Description of the task:
From the data below, copy exactly the lines that lie between the one holding "В раскадровке приняты" and the one holding "Podgląd karty osobowej", including both, and nothing more.

Material for this exercise:
__________________________________________________
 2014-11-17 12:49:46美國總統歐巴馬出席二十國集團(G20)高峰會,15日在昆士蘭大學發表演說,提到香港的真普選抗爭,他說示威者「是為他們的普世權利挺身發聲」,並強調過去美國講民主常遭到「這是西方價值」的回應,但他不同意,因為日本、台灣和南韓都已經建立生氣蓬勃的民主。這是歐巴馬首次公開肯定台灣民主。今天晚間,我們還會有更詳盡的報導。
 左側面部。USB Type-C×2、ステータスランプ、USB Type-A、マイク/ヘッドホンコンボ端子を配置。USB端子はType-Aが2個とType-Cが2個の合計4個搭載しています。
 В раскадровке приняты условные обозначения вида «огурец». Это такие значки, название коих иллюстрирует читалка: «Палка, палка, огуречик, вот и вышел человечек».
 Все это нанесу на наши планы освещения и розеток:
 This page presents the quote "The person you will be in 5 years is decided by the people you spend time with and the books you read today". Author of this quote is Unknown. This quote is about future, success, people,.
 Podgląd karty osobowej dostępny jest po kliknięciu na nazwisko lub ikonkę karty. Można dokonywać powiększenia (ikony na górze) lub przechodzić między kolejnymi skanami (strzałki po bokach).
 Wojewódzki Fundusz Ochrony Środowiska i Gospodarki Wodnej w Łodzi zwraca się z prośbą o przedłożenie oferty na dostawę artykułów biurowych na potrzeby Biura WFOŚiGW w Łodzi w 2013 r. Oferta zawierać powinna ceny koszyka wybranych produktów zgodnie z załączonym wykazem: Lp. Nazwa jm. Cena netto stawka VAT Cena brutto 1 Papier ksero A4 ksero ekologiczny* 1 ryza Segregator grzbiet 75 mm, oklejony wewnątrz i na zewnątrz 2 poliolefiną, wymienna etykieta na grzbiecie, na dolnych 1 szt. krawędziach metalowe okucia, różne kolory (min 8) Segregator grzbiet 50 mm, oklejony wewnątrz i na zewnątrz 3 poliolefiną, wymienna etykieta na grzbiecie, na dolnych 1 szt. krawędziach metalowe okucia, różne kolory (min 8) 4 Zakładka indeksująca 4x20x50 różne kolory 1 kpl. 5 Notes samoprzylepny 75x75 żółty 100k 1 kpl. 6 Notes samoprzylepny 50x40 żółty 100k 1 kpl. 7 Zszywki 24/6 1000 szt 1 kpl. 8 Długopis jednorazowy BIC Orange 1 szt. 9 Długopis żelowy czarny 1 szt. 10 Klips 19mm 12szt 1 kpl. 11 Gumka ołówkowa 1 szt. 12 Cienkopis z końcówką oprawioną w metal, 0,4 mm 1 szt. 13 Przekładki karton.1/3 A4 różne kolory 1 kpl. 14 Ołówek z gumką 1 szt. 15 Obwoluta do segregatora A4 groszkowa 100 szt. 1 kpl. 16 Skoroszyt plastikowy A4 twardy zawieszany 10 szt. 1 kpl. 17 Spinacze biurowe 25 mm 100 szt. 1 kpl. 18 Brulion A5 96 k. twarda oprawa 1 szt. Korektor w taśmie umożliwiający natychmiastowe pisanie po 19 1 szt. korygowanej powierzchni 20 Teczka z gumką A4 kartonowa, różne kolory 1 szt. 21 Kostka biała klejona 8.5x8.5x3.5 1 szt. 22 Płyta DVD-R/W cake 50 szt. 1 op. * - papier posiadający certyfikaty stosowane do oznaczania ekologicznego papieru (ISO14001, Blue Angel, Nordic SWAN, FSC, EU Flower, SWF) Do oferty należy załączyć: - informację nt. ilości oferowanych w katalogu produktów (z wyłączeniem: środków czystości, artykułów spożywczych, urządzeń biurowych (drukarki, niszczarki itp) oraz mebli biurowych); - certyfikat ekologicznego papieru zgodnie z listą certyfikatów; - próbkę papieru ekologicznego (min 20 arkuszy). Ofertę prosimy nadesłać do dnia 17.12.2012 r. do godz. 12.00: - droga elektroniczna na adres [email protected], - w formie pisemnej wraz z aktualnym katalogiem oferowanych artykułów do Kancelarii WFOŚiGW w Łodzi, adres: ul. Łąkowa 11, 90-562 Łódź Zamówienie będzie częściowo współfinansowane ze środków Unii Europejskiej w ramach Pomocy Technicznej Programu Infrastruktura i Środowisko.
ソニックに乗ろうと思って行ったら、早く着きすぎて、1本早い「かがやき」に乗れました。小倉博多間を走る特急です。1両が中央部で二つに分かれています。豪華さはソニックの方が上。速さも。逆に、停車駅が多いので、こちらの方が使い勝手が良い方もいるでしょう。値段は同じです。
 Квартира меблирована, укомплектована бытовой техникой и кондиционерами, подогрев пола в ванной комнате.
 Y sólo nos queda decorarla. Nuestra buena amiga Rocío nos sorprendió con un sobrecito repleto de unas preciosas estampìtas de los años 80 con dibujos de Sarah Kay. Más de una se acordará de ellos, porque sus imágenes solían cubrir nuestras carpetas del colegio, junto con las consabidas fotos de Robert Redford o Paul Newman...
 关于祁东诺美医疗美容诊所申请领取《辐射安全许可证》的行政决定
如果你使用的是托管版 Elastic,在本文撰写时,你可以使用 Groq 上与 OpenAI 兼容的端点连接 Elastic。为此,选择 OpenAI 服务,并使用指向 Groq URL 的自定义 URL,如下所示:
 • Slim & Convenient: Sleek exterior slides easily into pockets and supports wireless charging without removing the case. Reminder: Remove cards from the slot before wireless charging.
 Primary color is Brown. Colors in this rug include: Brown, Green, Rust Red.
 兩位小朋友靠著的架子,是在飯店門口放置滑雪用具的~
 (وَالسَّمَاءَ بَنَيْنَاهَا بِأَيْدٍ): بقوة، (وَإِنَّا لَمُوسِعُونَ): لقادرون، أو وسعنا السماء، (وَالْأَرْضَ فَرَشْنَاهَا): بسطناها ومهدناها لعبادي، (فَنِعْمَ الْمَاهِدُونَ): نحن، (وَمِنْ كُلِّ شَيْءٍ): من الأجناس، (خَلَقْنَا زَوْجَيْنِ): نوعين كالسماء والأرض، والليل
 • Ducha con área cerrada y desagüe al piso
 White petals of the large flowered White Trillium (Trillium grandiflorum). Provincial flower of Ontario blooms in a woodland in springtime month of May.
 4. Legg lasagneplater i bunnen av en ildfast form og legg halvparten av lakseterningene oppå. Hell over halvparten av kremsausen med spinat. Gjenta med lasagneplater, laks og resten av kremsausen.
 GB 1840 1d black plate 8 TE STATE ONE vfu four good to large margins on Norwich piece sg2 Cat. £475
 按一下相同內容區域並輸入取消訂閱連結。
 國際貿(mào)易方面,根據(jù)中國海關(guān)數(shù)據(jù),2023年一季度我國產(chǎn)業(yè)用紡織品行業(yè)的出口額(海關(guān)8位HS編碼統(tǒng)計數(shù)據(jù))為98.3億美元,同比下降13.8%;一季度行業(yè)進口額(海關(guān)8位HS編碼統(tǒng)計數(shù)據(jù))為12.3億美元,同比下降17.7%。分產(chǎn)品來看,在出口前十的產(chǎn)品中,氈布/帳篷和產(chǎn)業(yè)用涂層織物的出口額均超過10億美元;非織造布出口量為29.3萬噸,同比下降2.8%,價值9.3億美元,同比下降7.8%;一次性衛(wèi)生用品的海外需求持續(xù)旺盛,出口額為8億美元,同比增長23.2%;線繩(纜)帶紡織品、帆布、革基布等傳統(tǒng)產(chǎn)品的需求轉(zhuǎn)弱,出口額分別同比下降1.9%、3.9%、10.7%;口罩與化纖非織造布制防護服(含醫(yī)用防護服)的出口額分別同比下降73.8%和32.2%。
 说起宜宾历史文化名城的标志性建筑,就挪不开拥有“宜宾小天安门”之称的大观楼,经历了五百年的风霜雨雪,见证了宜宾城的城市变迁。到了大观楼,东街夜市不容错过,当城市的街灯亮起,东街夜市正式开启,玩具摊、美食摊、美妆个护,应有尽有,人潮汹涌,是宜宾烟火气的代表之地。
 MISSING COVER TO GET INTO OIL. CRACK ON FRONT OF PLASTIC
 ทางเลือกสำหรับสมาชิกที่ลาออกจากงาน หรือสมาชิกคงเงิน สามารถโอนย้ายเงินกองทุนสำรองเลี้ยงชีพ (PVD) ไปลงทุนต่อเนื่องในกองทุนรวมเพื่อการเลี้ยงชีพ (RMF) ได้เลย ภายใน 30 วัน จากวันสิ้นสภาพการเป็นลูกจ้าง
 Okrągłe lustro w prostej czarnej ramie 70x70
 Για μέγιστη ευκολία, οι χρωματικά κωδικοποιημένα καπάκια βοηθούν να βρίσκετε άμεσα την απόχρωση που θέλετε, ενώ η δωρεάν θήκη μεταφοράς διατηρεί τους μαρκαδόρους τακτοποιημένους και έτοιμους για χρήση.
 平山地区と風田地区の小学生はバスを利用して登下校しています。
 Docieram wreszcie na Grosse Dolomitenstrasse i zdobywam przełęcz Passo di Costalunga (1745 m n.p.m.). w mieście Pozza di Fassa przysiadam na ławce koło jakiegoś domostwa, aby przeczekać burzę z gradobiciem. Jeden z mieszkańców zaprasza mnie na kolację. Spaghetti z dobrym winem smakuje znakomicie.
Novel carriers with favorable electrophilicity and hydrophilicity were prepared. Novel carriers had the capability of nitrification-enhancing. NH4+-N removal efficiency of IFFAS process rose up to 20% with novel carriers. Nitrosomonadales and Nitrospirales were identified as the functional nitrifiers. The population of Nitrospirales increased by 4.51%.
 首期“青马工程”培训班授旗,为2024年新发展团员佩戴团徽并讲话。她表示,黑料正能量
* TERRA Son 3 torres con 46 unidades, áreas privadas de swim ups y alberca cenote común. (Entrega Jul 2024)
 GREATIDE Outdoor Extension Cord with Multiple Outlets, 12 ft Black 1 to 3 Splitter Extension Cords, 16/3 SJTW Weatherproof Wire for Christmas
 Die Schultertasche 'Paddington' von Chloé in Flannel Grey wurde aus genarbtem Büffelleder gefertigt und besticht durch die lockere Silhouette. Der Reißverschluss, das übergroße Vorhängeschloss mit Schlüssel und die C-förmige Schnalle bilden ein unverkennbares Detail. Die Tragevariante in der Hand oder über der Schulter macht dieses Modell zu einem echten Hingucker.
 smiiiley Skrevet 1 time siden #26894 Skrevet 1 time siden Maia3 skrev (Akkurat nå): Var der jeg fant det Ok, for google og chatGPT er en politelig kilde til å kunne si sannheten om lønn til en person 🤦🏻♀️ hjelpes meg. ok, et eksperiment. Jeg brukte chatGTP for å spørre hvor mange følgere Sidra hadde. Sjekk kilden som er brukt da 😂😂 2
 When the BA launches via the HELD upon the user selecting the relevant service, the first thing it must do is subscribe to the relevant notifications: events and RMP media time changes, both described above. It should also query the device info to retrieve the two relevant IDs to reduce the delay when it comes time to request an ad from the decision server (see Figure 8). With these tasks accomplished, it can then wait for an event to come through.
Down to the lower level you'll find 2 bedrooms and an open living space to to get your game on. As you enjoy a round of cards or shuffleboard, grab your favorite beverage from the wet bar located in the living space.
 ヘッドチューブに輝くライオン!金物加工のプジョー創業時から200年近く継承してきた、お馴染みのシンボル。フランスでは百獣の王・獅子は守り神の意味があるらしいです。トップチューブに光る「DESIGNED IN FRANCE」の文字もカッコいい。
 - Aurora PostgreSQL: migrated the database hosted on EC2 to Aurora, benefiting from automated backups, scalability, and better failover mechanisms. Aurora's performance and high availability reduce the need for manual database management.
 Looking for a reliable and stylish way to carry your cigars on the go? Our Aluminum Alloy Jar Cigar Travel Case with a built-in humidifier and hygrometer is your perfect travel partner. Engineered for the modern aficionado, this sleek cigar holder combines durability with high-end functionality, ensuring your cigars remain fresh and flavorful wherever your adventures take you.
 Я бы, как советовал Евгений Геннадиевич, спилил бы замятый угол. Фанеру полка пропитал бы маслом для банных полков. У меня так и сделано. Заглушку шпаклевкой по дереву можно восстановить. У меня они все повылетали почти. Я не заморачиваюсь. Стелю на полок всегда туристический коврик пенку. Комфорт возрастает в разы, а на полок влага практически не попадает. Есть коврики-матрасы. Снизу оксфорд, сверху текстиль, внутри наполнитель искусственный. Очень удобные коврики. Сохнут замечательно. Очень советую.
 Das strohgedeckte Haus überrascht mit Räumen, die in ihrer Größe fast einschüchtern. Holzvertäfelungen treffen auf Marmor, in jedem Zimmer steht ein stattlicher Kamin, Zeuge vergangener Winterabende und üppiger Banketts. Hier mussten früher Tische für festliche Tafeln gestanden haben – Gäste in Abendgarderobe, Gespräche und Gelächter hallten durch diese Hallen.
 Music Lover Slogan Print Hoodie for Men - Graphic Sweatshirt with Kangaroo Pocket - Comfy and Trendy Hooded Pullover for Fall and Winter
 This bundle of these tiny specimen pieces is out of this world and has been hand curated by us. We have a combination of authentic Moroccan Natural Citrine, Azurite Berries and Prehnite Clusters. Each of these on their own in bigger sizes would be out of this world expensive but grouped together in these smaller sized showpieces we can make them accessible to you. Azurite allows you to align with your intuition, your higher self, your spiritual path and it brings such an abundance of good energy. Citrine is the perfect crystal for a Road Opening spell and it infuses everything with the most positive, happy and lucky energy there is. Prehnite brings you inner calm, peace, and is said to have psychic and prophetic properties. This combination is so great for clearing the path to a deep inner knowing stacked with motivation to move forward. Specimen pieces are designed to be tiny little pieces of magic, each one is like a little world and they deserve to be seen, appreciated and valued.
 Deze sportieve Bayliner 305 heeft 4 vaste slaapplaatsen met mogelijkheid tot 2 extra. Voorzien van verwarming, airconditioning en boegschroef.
__________________________________________________
Response for this exercise:
 В раскадровке приняты условные обозначения вида «огурец». Это такие значки, название коих иллюстрирует читалка: «Палка, палка, огуречик, вот и вышел человечек».
 Все это нанесу на наши планы освещения и розеток:
 This page presents the quote "The person you will be in 5 years is decided by the people you spend time with and the books you read today". Author of this quote is Unknown. This quote is about future, success, people,.
 Podgląd karty osobowej dostępny jest po kliknięciu na nazwisko lub ikonkę karty. Można dokonywać powiększenia (ikony na górze) lub przechodzić między kolejnymi skanami (strzałki po bokach).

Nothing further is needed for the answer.